Kejahatan yang paling buruk adalah kejahatan moral, dan, sebagaimana juga dikemukakan
oleh St Agustinus dalam De Libero Arbitrioiii, berarti berpaling dari kebaikan yang lebih
tinggi. Jelas sekali pandangan Proclus ini merupakan akibat wajar dari (ii), karena hal ini
memerlukan gerakan ke bawah atau kemunduran yang sebenarnya di pihak jiwa. 'Seluruh
hidup kita adalah perjuangan menuju visi' ( Commentary on the Parmenides, kol. 1015 38-
40). Jadi Rosan (op. cit.) mencirikan kekuatan utama sistem Proclan. Di tempat lain Proclus
berbicara tentang persatuan sebagai produk akhir; dan di akhir Tentang Penyelenggaraan dan
Takdir, hasil akhirnya digambarkan sebagai 'divinisasi, sejauh mungkin'. Seperti halnya
Plotinus sebelum dia dan Dionysius setelahnya, kemajuan menuju tujuan ini ditandai dengan
serangkaian penarikan diri, pertama dari keterlibatan dalam masyarakat sipil, kemudian dari
tirani akal, dan akhirnya melalui proses introversi dan pengetahuan diri menuju pengetahuan
yang tertinggi. makhluk. Filsafat adalah media yang dipilih untuk mencapai gabungan
penarikan diri dan perjalanan ke atas, dan Proclus menyebutnya sebagai 'pencipta
keselamatan'. Lebih jauh lagi, peningkatan pemurnian membuat jiwa semakin menjadi objek
keinginannya ; Elemen 32 menyatakan bahwa 'semua pengembalian dicapai melalui
kesamaan syarat pengembalian dengan tujuan pengembalian'. Namun karena berdasarkan
prinsip-prinsipnya sendiri, jiwa telah jatuh dan Yang Esa secara absolut berada di atas
keberadaan, Proclus harus mendalilkan sebagai sebuah prinsip kesamaan dalam diri kita suatu
kemampuan dalam jiwa yang lebih tinggi darinya, yang ia sebut sebagai 'bunga pikiran' ( Di
Alcib.iii).
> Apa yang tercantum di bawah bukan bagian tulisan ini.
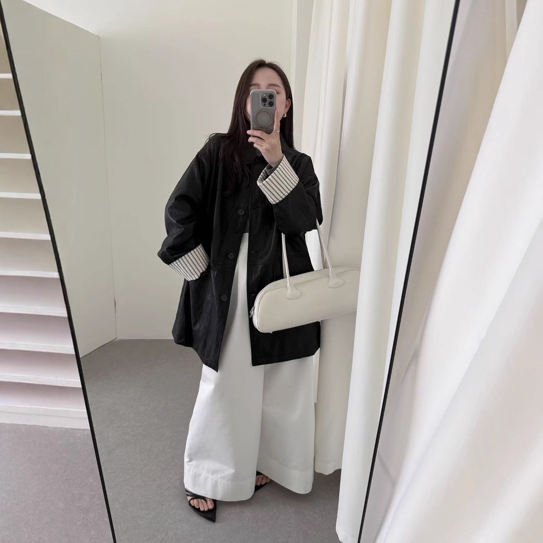 韩版中长款皮衣外套女欧洲站2025年春季新款条纹拼接复古显瘦

Ungkapan ini mempunyai sejarah dan nampaknya muncul untuk pertama kalinya
dalam koleksi abad kedua Masehi The Chaldean Oracles, i (lih. Des Places ad loc. dalam
edisi Budé). Ini adalah kemampuan kesatuan, yang tidak hanya memungkinkan jiwa untuk
memiliki visi tentang Yang Esa yang ditujunya, namun juga merupakan instrumen ekstase di
dalamnya. Dengan kata lain, Proclus tampaknya percaya pada turunnya jiwa secara total dan
pelepasan jiwa sepenuhnya dari sumber keberadaannya, sementara pada saat yang sama
mengakui kemungkinan penglihatan melalui 'bunga pikiran'.